Industrial and food chemical

Polydimethylsiloxane (PDMS), also known as dimethylpolysiloxane or dimethicone, is a silicone polymer with a wide variety of uses, from cosmetics to industrial lubrication and passive daytime radiative cooling.

PDMS is particularly known for its unusual rheological (or flow) properties. It is optically clear and, in general, inert, non-toxic, and non-flammable. It is one of several types of silicone oil (polymerized siloxane). The applications of PDMS range from contact lenses and medical devices to elastomers; it is also present in shampoos (as it makes hair shiny and slippery), food (antifoaming agent), caulk, lubricants and heat-resistant tiles.

==Structure==
The chemical formula of PDMS is CH3[Si(CH3)2O]_{n}Si(CH3)3, where n is the number of repeating monomer [Si(CH3)2O] units. A traditional synthesis entails treating dimethyldichlorosilane with water as described by the following idealized reaction:

 n Si(CH3)2Cl2 + n H2O -> [Si(CH3)2O]_{n} + 2n HCl
The polymerization reaction evolves hydrochloric acid. For some domestic applications, a process was developed in which the chlorine atoms in the silane precursor were replaced with acetate groups. In this case, the polymerization produces acetic acid, which is less chemically aggressive than HCl. As a side-effect, the curing process is also much slower in this case. The acetate is used in consumer applications, such as silicone caulk and adhesives.

Commercial routes to PDMS usually involve ring-opening polymerization of cyclic siloxanes. A representative reaction would start with hexamethyltrisiloxane:
 n [Si(CH3)2O]3 -> [Si(CH3)2O]_{3n}
In reality, a series of ring sizes comprise the precursor cyclic siloxanes. The reaction is typically catalyzed by base, such as an alkali metal oxide. The base must be removed when the polymerization is complete.
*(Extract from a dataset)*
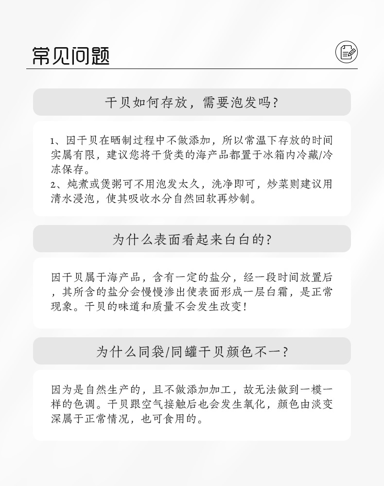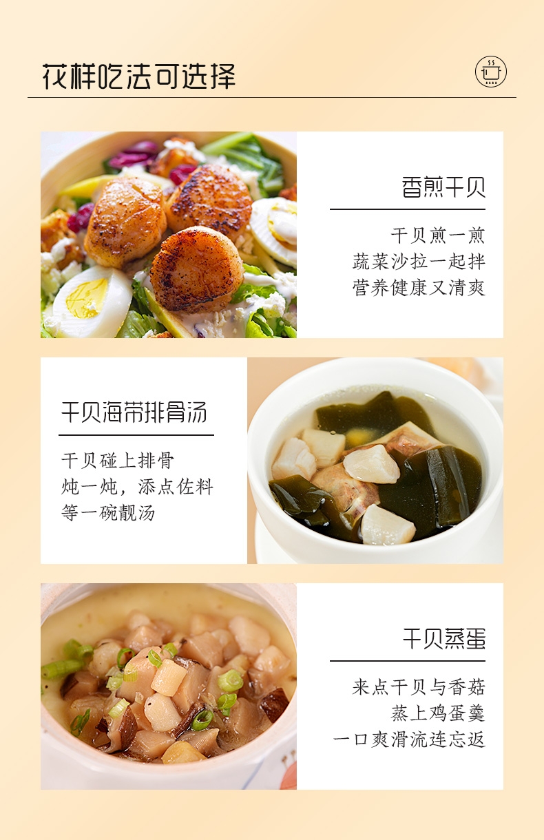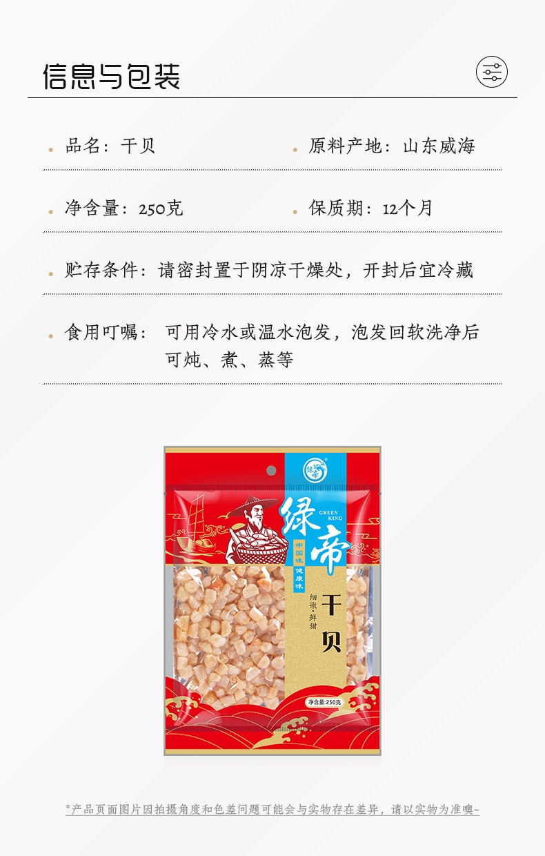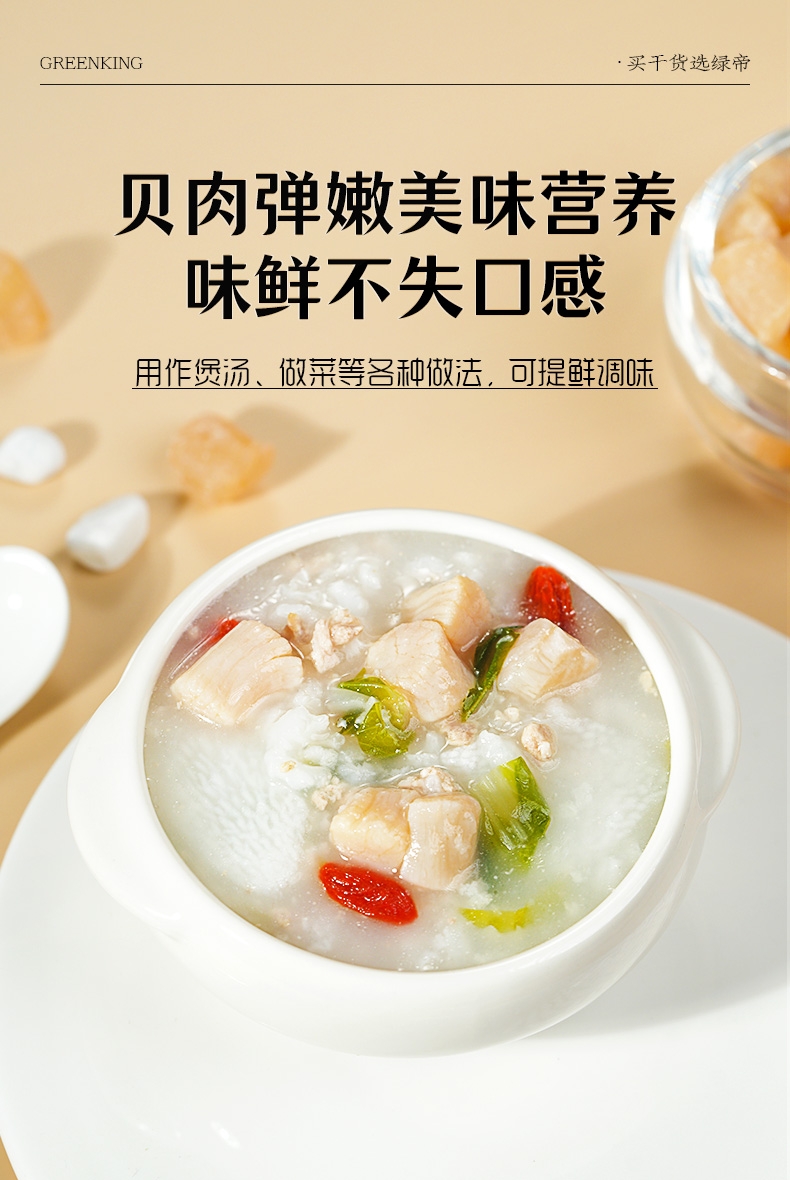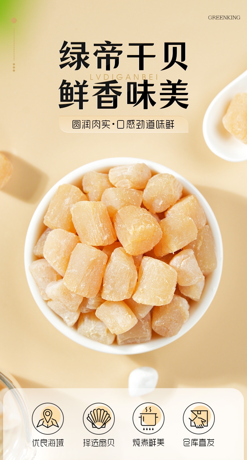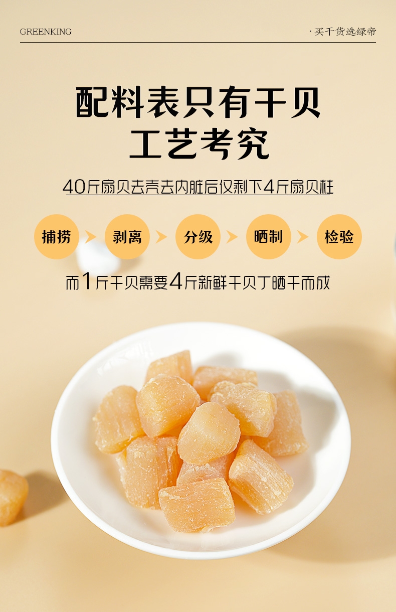 足干淡晒,肉质紧实;颗颗精选,无碎无杂;海味浓郁,鲜香纯正

===Branching and capping===
Hydrolysis of Si(CH3)2Cl2 generates a polymer that is terminated with silanol groups (\sSi(CH3)2OH). These reactive centers are typically "capped" by reaction with trimethylsilyl chloride:

Silane precursors with more acid-forming groups and fewer methyl groups, such as methyltrichlorosilane, can be used to introduce branches or cross-links in the polymer chain. Under ideal conditions, each molecule of such a compound becomes a branch point. This can be used to produce hard silicone resins. In a similar manner, precursors with three methyl groups can be used to limit molecular weight, since each such molecule has only one reactive site and so forms the end of a siloxane chain.

Well-defined PDMS with a low polydispersity index and high homogeneity is produced by controlled anionic ring-opening polymerization of hexamethylcyclotrisiloxane. Using this methodology it is possible to synthesize linear block copolymers, heteroarm star-shaped block copolymers and many other macromolecular architectures.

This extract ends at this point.